WORK INSTRUCTION: With the pictures omitted, repeat exactly the lines below starting with the line that has "在防火墙-规则-浮动页面新建" and going on through the line that has "そして、もう一つはコーセーの".
[[ PROVIDED DATA open ]]
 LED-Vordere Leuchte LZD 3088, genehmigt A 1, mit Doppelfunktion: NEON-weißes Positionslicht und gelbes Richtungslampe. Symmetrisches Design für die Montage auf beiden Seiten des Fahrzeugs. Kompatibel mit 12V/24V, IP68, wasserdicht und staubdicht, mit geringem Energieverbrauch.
[[ PROVIDED DATA closed ]]
[[ PROVIDED DATA open ]]
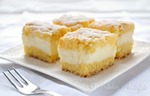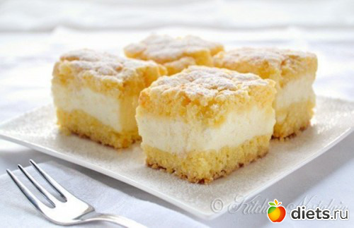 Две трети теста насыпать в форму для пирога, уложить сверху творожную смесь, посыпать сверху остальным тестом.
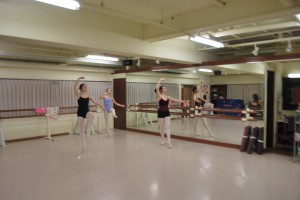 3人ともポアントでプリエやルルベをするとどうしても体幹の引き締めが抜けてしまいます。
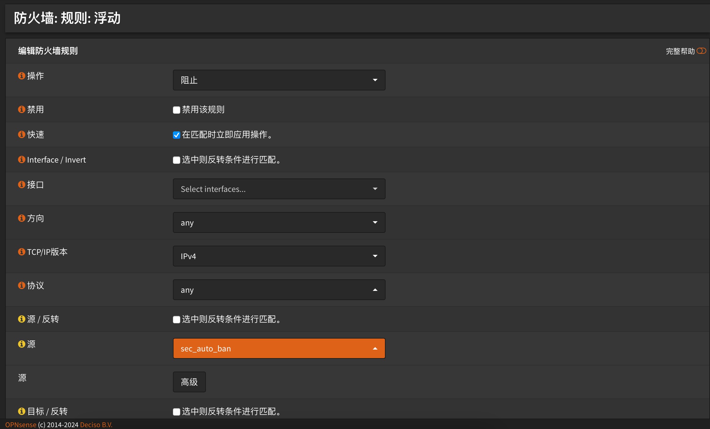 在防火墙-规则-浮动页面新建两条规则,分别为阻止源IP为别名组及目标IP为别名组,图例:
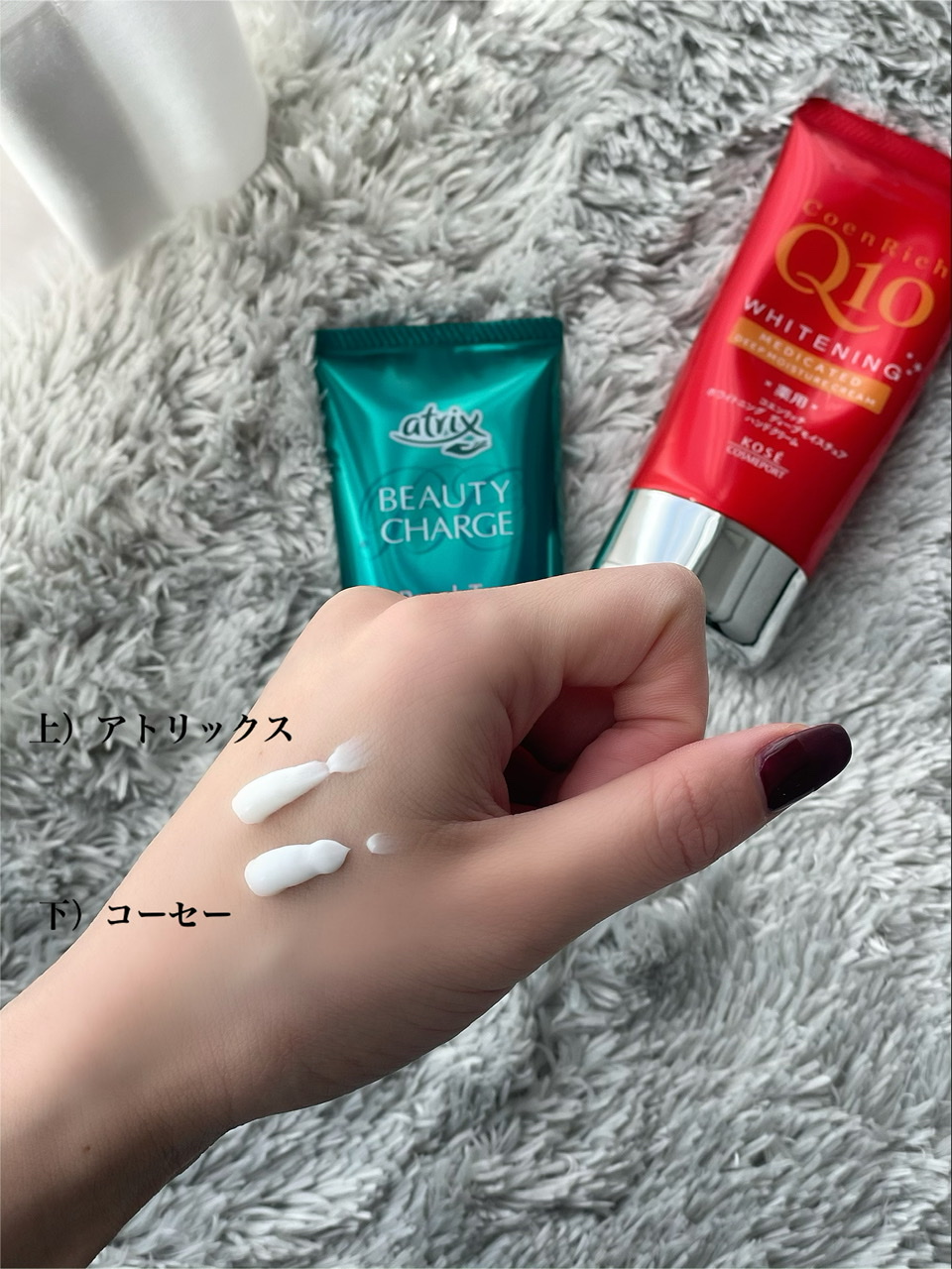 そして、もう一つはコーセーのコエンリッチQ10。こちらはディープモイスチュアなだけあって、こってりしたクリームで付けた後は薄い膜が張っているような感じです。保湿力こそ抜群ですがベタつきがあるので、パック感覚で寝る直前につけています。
[[ PROVIDED DATA closed ]]
[[ PROVIDED DATA open ]]
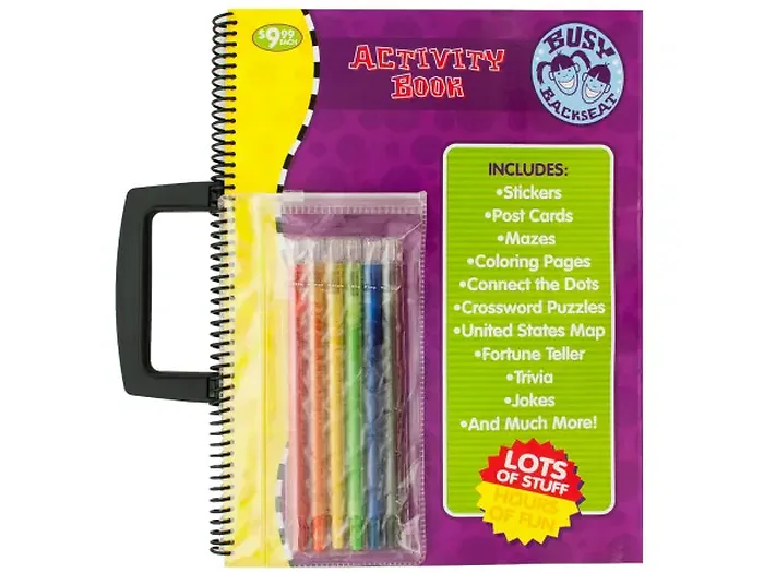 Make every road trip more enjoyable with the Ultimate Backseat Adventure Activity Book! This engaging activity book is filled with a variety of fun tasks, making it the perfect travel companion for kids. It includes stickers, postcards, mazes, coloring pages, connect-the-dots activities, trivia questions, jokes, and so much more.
[[ PROVIDED DATA closed ]]
RESPONSE BOX:
 在防火墙-规则-浮动页面新建两条规则,分别为阻止源IP为别名组及目标IP为别名组,图例:
 そして、もう一つはコーセーのコエンリッチQ10。こちらはディープモイスチュアなだけあって、こってりしたクリームで付けた後は薄い膜が張っているような感じです。保湿力こそ抜群ですがベタつきがあるので、パック感覚で寝る直前につけています。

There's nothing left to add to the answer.